This Week in New York Insider's Guide to Arts & Culture in New York City Since 2001

7May/15

SOMETHING ROTTEN!

Thomas Nostradamus (Brad Oscar) predicts a musical future for Nick Bottom in SOMETHING ROTTEN! (photo © 2015 Joan Marcus)

Thomas Nostradamus (Brad Oscar) predicts a musical future for Nick Bottom (Brian d’Arcy James) in SOMETHING ROTTEN! (photo © 2015 Joan Marcus)

St. James Theatre
246 West 44th St. between Broadway & Eighth Aves.
Tuesday - Sunday through January 3, $37 - $177
rottenbroadway.com

Nearly five hundred years after William Shakespeare’s death, the author is still challenging modern dramatists around the world for theater space while influencing story lines and inspiring alternate takes on his thirty-six works. In their first stage production, brothers Karey and Wayne Kirkpatrick anachronistically take audiences back to the Renaissance in Something Rotten!, a rousing musical farce that pays tribute to the Bard and Broadway by playfully skewering both. Two-time Tony nominee Brian d’Arcy James stars as Nick Bottom, who runs a local theater troupe with his brother, Nigel (John Cariani), that can’t escape Shakespeare’s (Christian Borle) shadow. Desperate to beat the Bard at his own game — and determined to show his feminist wife, Bea (Heidi Blickenstaff), that he can be the family’s main breadwinner — Nick takes advice from a vagrant soothsayer named Thomas Nostradamus (Brad Oscar), leading him to attempt the first-ever full-fledged musical, Omelette. But Nigel wants to write something more meaningful than a show about breakfast, while also becoming interested in Portia (Kate Reinders), the chaste daughter of Puritan leader Brother Jeremiah (Brooks Ashmanskas). Meanwhile, Shakespeare prances about like a rock star, prepared to take on all comers to his literary throne, ready, willing, and able to do whatever it takes to preserve his lofty status. “Yo! — He’s the bomb, the soul of the age / The wiz of the Elizabethan stage,” the crowd sings about Shakespeare in the opening number, “Welcome to the Renaissance,” continuing, “He’s incredible, unforgettable / He’s just so freakin’ awesome!”

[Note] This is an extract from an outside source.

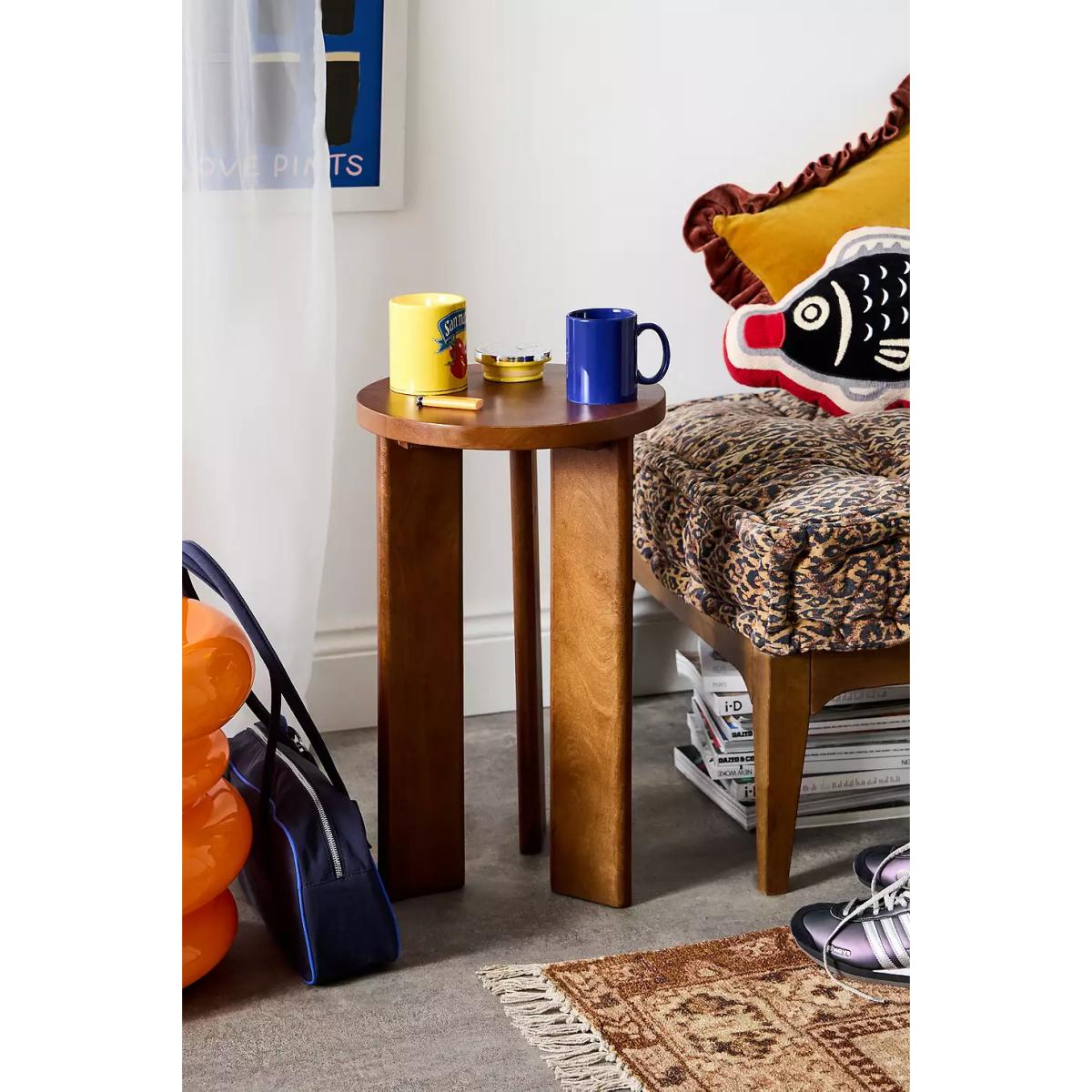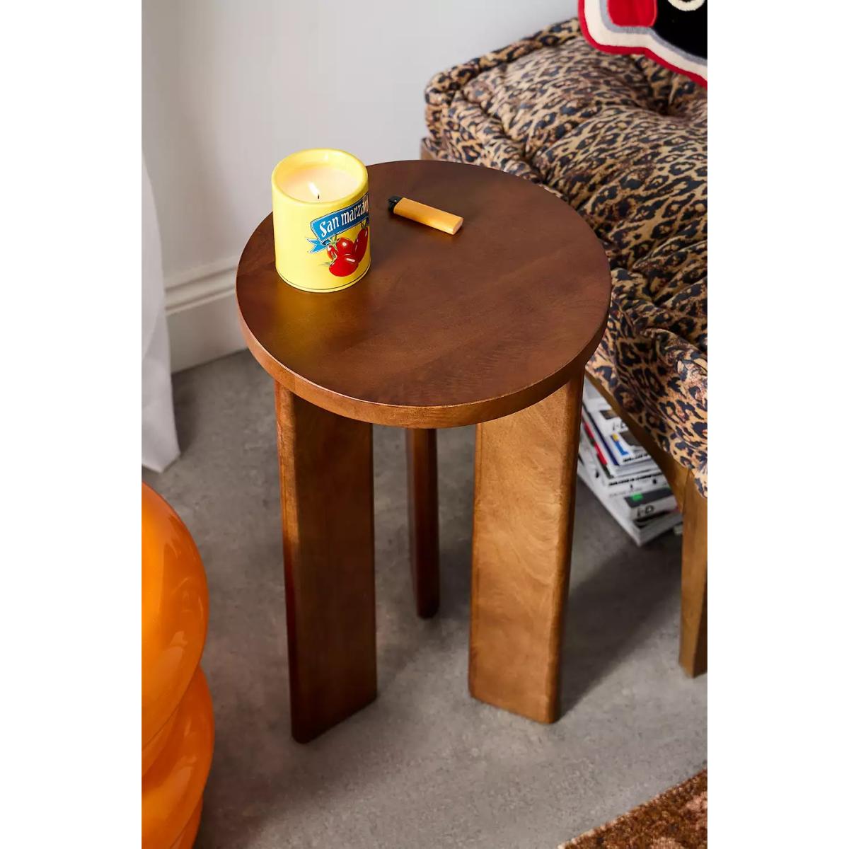 Versatile side table crafted from Mango Wood. Circular tabletop with three legs, perfect for holding your coffee, books, and more! *Online return only. This item cannot be returned instore. Please note furniture items currently cannot be shipped to Northern Ireland or The Republic of Ireland. Delivery of large furniture items may take 1-2 weeks and are therefore not eligible for Next Day Delivery.* **Content + Care** \- 100% Mango wood \- Wipe clean **Size** \- 35.5cm x 35.5cm x 56cm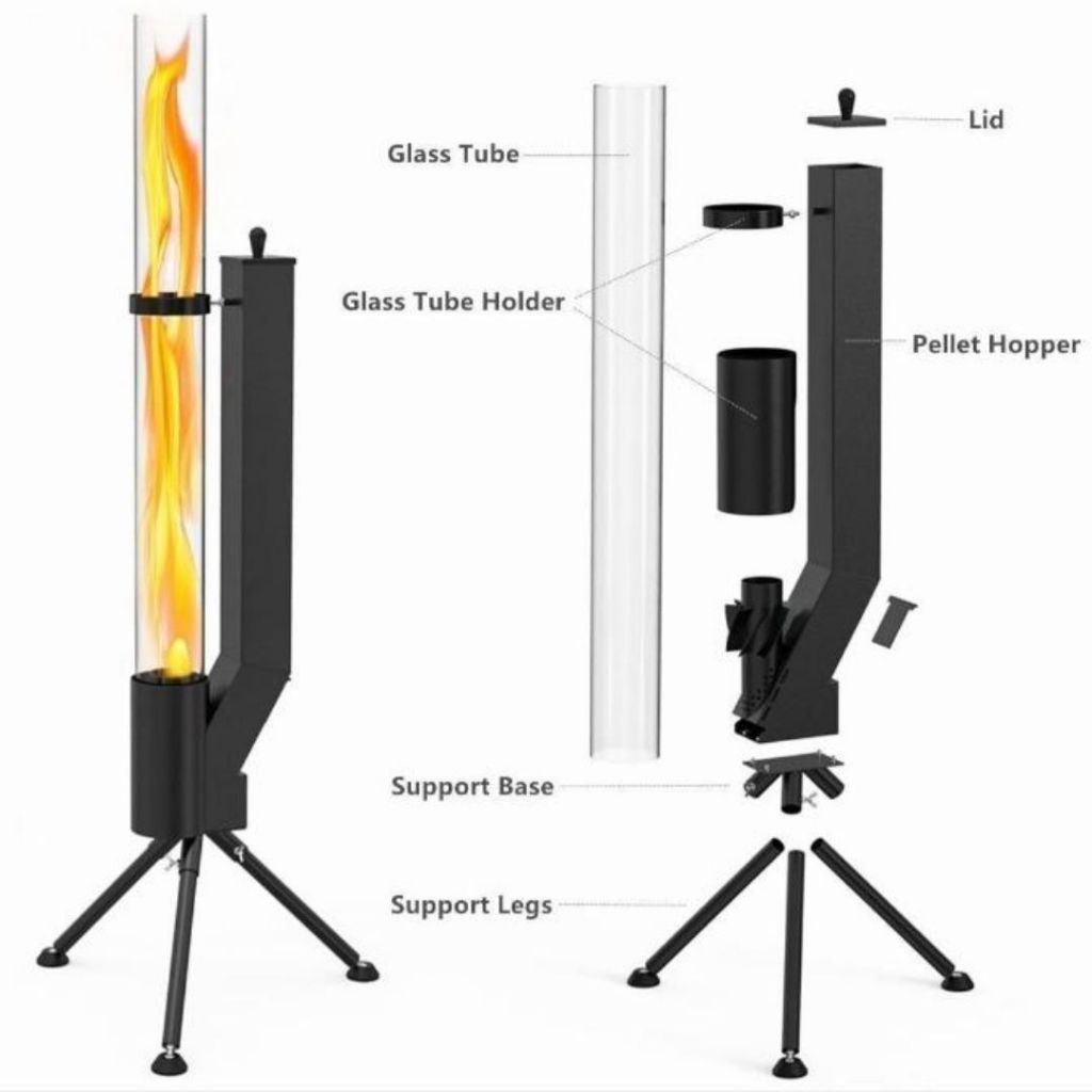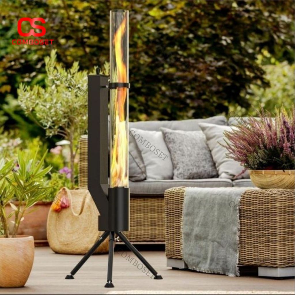 Lò Sưởi Ngoài Trời Dáng Trụ Kính Cao Chân Đứng Kim Loại

Shakespeare (Christian Borle) rocks out to his adoring fans in the park in SOMETHING ROTTEN! (Christian Borle)

Shakespeare (Christian Borle) rocks out to his adoring fans in the park in SOMETHING ROTTEN! (photo © 2015 Joan Marcus)

Karey, who cowrote the book with British novelist and script writer John O’Farrell (the two previously collaborated on the hit animated film Chicken Run), and Wayne, with whom Karey cowrote the music and lyrics, fill Something Rotten! with an endless array of references to Shakespeare and the Great White Way, from direct quotes, character names, and Gregg Barnes’s (Follies, The Drowsy Chaperone) costumes to Scott Pask’s (The Book of Mormon, The Coast of Utopia) high-school-like painted-cardboard sets and director Casey Nicholaw’s (The Book of Mormon, Spamalot) choreography. Part of the fun of Something Rotten! is trying to recognize all the references (be on the lookout for homages to Jesus Christ Superstar, Chicago, A Chorus Line, The Lion King, Hair, The Book of Mormon, The Producers, Gypsy, and countless others), which also saves you from not getting too caught up in the silly plot twists and several of the numbers that are precisely what is being made fun of. “Who talks like this?” Nick asks, referring to Shakespeare’s use of Olde English and iambic pentameter. “Nigel, why can’t we just write like we speak?” Among the most effective production numbers are “God, I Hate Shakespeare,” led by Nick and Nigel (Nick: “That little turd, he / has no sense about the audience / He makes them feel so dumb / The bastard doesn’t care / that my poor ass is getting numb”) and Nick and Nostradamus’s “A Musical” (Nick: “Well, that is the stupidest thing that I have ever heard / You’re doing a play, got something to say / so you sing it? It’s absurd / Who on earth is going to sit there / while an actor breaks into song / What possible thought can the audience think / other than this is horribly — wrong?”), while “Right Hand Man” is standard fluff, and “Will Power” and “Hard to Be the Bard” are overplayed and repetitive. But it’s all still great fun, with particularly fine turns by d’Arcy James (Shrek the Musical, Sweet Smell of Success), the Kristen Chenoweth-like Reinders (Wicked, Into the Woods), and Ashmanskas (Bullets over Broadway, Present Laughter), but Oscar (The Producers, Spamalot) steals the show as the clairvoyant bum who sums up what a musical is quite succinctly: “It appears to be a play where the dialogue stops and the plot is conveyed through song.” And in this case, it’s a celebration of the art form that will leave you giddy with delight, whether you are a lover or hater of Shakespeare — and Broadway musicals.